INTRODUCTION – Geography of Climate Change
Even with a complex problem like climate change, we can start with a picture. As in this 2004 photograph of Alaska’s Muir Glacier. Images and maps can show us the location of land masses, oceans, and geographical features, which is spatial information that we take for granted. The Earth is dynamic, and we must remember that both photographs and maps are snapshots of a specific time.
So, if we compared this image to previous ones of the same area, we’d be able to see how it’s changed and investigate why change is occurring here.
A 1941 photograph taken from the same location as the recent photograph shows a completely different landscape. The glacier was significantly larger. We know glaciers around the world, including Alaska, the Swiss Alps, and Mount Kilimanjaro, have shrunk dramatically after studying old and new photographs, glaciological surveys, and the geologic record.
Muir Glacier is one such example. To delve deeper into the “why,” we know that as air temperatures rise, ice and snow melt faster.
However, glaciers are also affected by the amount of precipitation that falls each year; if less snow falls, glaciers lose more ice on their bottom edge than they can replace at the top. That precipitation originates in the hydrosphere, and its regional patterns are influenced by temperature and wind patterns over vast oceans. As a result, mountain landscapes have changed as climate patterns have changed, which links back to the global energy budget, insolation, and the formation of the Earth. It’s a difficult problem.
The Difference Between “Climate Change” and “Global Warming”
“Climate change” and “global warming” are frequently used interchangeably.

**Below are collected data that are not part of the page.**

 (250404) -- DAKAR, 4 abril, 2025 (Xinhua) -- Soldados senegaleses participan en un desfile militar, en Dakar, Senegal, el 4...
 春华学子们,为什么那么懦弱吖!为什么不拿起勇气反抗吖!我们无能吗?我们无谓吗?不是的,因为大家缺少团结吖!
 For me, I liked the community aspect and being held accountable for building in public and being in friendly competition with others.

Despite the fact that these phenomena are closely related, there is a distinction between them. Climate change is the long-term change in average weather patterns in a region. These changes can be natural or anthropogenic, which means caused by humans. And by “long,” I mean that each climate period can last several decades or longer. For example, from 1300 to 1850 CE, there was a Little Ice Age.

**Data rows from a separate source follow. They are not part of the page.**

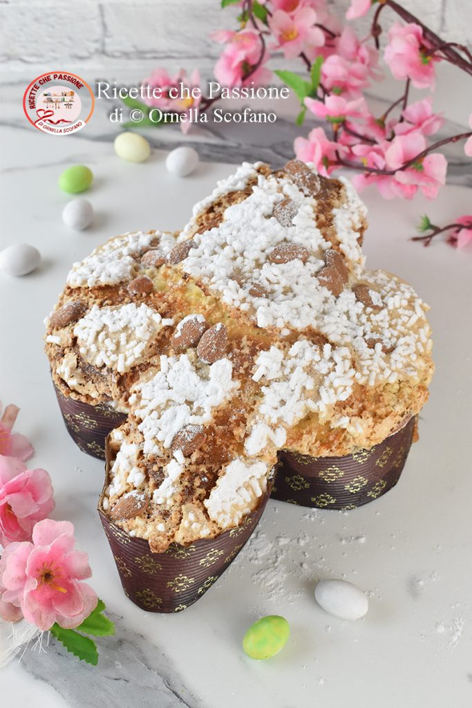 A colomba de Páscoa é um doce fermentado, símbolo por excelência da Páscoa na Itália, coberta com glacê de amêndoas, semelhante ao panetone e ao pandoro no Natal. A Colomba de Páscoa simboliza a paz e a reconciliação, presentear a colomba na Páscoa significa dar um sinal de paz e amor a quem a recebe, uma clara referência à história do dilúvio universal. Quando a chuva terminou, depois de 7 dias, Noé enviou uma pomba para explorar, que retornou à noite trazendo um ramo de oliveira, sinal do perdão de Deus aos homens e, a partir daí, tornou-se símbolo de paz. Um símbolo de paz tão saboroso e macio que na Páscoa se faz grandes banquetes com ele, mas não há nada como o prazer de fazê-lo em casa, com as próprias mãos e criando-o com os sabores que mais amamos, e sim, porque pode ser personalizado, por exemplo, se não gostar de uvas-passas, pode omitir, como eu fiz, ou pode excluir as frutas cristalizadas, ou adicionar gotas de chocolate, ou rechear com cremes deliciosos. Hoje, para vocês, a colomba clássica, um fermentado realmente muito perfumado, com laranja na massa e amêndoas na cobertura. Para a receita, usei fermento natural desidratado com fermento, uma ótima solução para quem não tem fermento natural fresco à disposição, que pode ser encontrado em todos os supermercados. Vamos ver como realizar a receita, e não tenha pressa, as esperas são muito importantes assim como o preparo. Leia aqui minha resenha do forno Indesit que usei para o cozimento.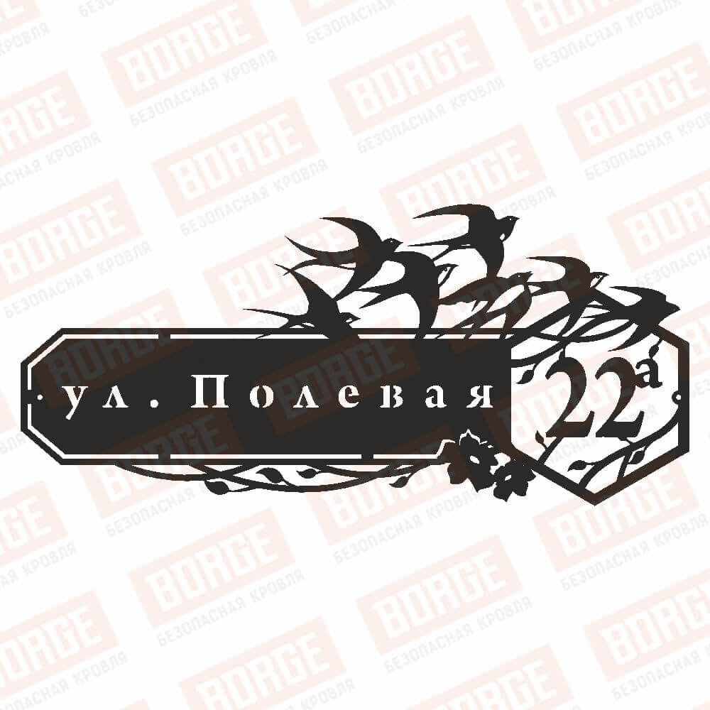 Табличка адресная BORGE Ласточки, 1000x451мм, коричневый шоколад (RAL 8017 matt)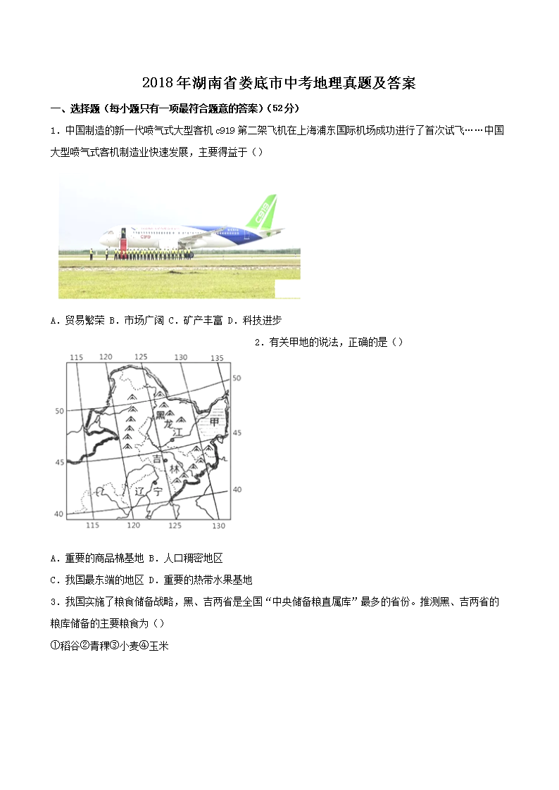 【文档名称】 2018年湖南省娄底市中考地理真题及答案(Word版).doc

Mountain glaciers have expanded globally, and mean annual temperatures in the Northern Hemisphere have dropped by 0.6 degrees Celsius. That’s a climate pattern that lasted 550 years before shifting to a different one. Global warming, on the other hand, is defined as an increase in our planet’s average surface temperature. Since the Industrial Revolution in the 17th and 18th centuries, there has been a well-documented rise in average temperatures around the world during our current period of global warming. And this is relevant to the geography of Climate Change.
When scientists or leaders speak of “global warming,” they almost always refer to the recent warming caused by human activities that increase greenhouse gas emissions such as carbon dioxide, methane, and nitrous oxide.

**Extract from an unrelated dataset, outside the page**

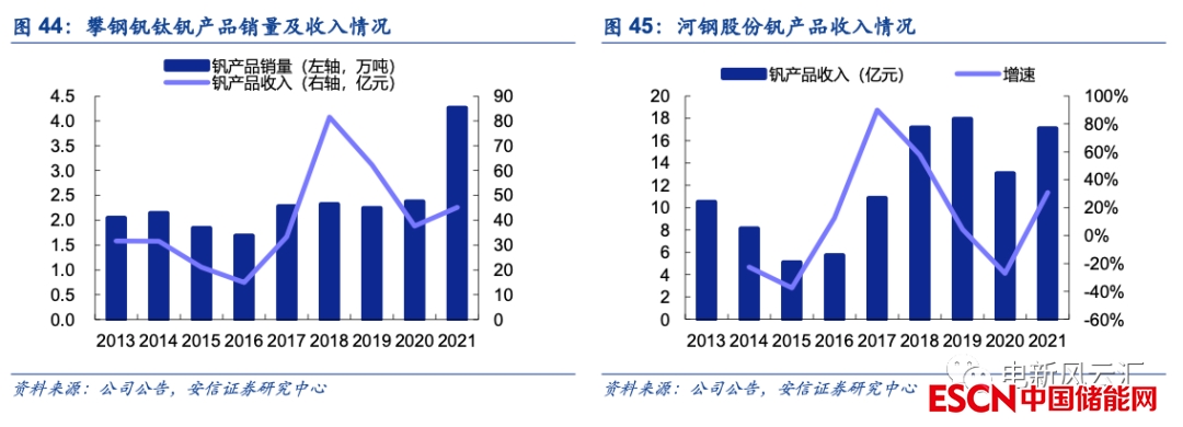 全釩液流電池儲能發(fā)展有望明顯拉動上游釩資源需求,建議關(guān)注攀鋼釩鈦、河鋼股份等產(chǎn)能領(lǐng)先的釩資源企業(yè)。在傳統(tǒng)鋼鐵領(lǐng)域需求趨緩甚至萎縮的情況下,我們認為國內(nèi)豐富的釩資源儲量決定了釩價難以出現(xiàn)持續(xù)性、大幅度的上漲,但相關(guān)釩資源企業(yè)仍有望受益儲能領(lǐng)域新需求的逐步放量,未來釩產(chǎn)品產(chǎn)銷量有望隨全釩液流電池儲能市場發(fā)展而同步增長。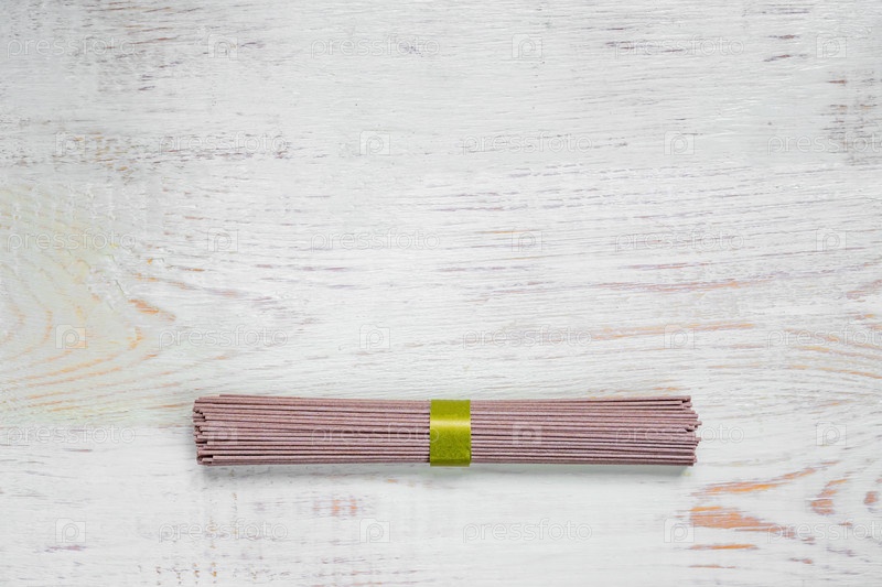 Сырая лапша соба на белом деревянном столе. Традиционная японская еда. Вид сверху

They trap solar energy, retaining more heat in the atmosphere. That extra energy is influencing not only the average temperature but also climate processes in the atmosphere and oceans. These include more severe storms, heatwaves, and droughts, as well as changing regional temperature and precipitation patterns that cause vegetation zones to shift and glaciers to melt, resulting in sea-level rise and shifting coastlines. Climates change essentially as the planet warms.
The Paleoclimatology Research
Thanks to paleoclimatologists, who study past climates using proxy data, or data that provides clues about the past, we know the Earth has had many different climates. Comparing multiple proxies provides a more complete picture of what occurred and assists us in anticipating the changes for which we must prepare. For example, they use tree rings to show dry and wet years, fossilised bugs to learn about moisture and temperature levels in past ecosystems, and deep-sea sedimentary records to learn about the ocean’s past. The deep-sea sedimentary record, for example, shows that the Earth overall experienced one of two extreme climates. The geography of climate change was shown as glaciers advanced and receded across the globe at least 28 times over the last 2.6 million years.
We can see that glaciation occurs and sea levels fall when glaciers advance and the climate is colder.
And, as the climate warms, glaciers recede and sea levels rise, ushering in an interglacial period. Which is where we are right now. Ice core data is one of the most useful types of proxy data for atmospheric conditions and how climates changed year to year. We can extract the chemical composition of past atmospheres from ice.
Paleoclimatologists have extracted long tubes of ice from ice sheets and alpine glaciers all over the world using special drills, and estimated climates dating back at least 400,000 years.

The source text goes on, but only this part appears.